Саид-Али засмеялся, глядя куда-то в дальний угол.
— Зачем так усложнять, Любовь Прохоровна? Я начальник, по долгу службы отдаю приказы, и они не всегда нравятся моим подчиненным. Целовать за это они меня никак не могут.
— Да, но я имела в виду совсем иное… Когда-нибудь я постараюсь объяснить вам более понятно. А сейчас боюсь вашего смеха, Саид. Поверьте в мою искренность… Неправда, что я вас ненавижу — тоже говорю вам искренне. Я просто… несчастная женщина и… и не насмешки заслуживает моя… моя…
— О, прошу прощения, Любовь, это не насмешка… Вы только это хотели… о деле мне сказать?
— С вами трудно говорить, — промолвила Любовь Прохоровна, уже вполне овладев собой. Глаза ее стали задумчивы, затянулись туманом, они не видели даже розу, которую ее рука машинально положила на край стола: — Хорошо, я хотела поговорить с вами «о деле»… Мне стало известно, что, готовясь к октябрьскому празднику, вы, как начальник строительства, лично внесли в список для награждения и Евгения Викторовича, моего мужа, как действительно видного работника на строительстве.
— Возражаете?
— О нет, не возражаю! — сказала она и, оживившись, сердечнее посмотрела ему в глаза. — Не возражаю. Мне тяжело оценивать его заслуги, — она умолкла и закрыла глаза, будто сдерживала душившую ее боль. — Но буду откровенна: я рада! Мне нужно быть женой человека…

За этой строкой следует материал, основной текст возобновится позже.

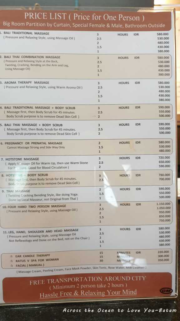 Majesty Spa & Massage Batam( 巴淡岛王权spa )就在 Nagoya Hill Shopping Mall斜對面,推開門就有一個先生問我有預約嗎?看起來應該是老闆,我看著桌上的價目表,研究好久自己要做哪些。

— И об этом я уже знаю, слыхал.
— Вы, Саид, очень бессердечный человек. Ну, так послушайте еще раз! Известно ли тебе, что Тамарочка — твоя копия? Рот, подбородок, лоб. А глаза! Об этом ты должен знать… Евгений Викторович человек с умом, он поймет все. И только общественное положение может сдержать его…

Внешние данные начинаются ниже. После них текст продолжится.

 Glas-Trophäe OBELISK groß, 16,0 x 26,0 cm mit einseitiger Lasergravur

Мухтаров, опираясь обеими руками о стол, медленно поднимался с кресла. Вдруг вспомнил, что он в одной рубахе, да и то без галстука. Он посмотрел на пиджак, небрежно брошенный на подоконник.
— Что касается возражений, пожалуйста: в тот же список внесен и Преображенский… — произнесла Любовь Прохоровна.
— Ну и что же? — спросил Мухтаров, охваченный тревогой. И он выпрямился, как отпущенная пружина. В его глазах блеснул огонь. — Но ведь он ваш родственник, ваши телефонограммы проходят через его руки, он протеже вашего мужа! Можно было думать, что это вам тоже будет приятно… К тому же… инженер с дарованием.
— Извините меня, Саид-Али. Я втесалась, как говорят, «в калашный ряд»… Теперь я уже все сказала, зачем пришла к вам. До свидания. А Преображенский недостоин быть в этом списке,
прошу поверить в искренность матери вашей дочери. Он — муж моей сестры, моей благодетельницы в тяжелую пору юности. Но и это не мешает мне предупредить…Она порывисто подала ему руку и вырвала ее так поспешно, будто испугалась мужественного пожатия руки Мухтарова. Повернулась и быстро пошла к двери.
В это время открылась дверь. В нее заглянул Ахмет-бай, постоянный курьер и швейцар Саида, и доложил:
— Срочно просит разрешения зайти к вам начальник ГПУ.
— Просите, — машинально промолвил Саид, выходя из-за стола. В двери уже показался великан латыш Август Штейн.
— Як тебе, товарищ Мухтаров, по важному делу! Что это наша гордость намаджанская к тебе в кабинет зачастила? — шутя спросил он.
— Пустяки. Современная Помпадур… Решила проветриться женщина.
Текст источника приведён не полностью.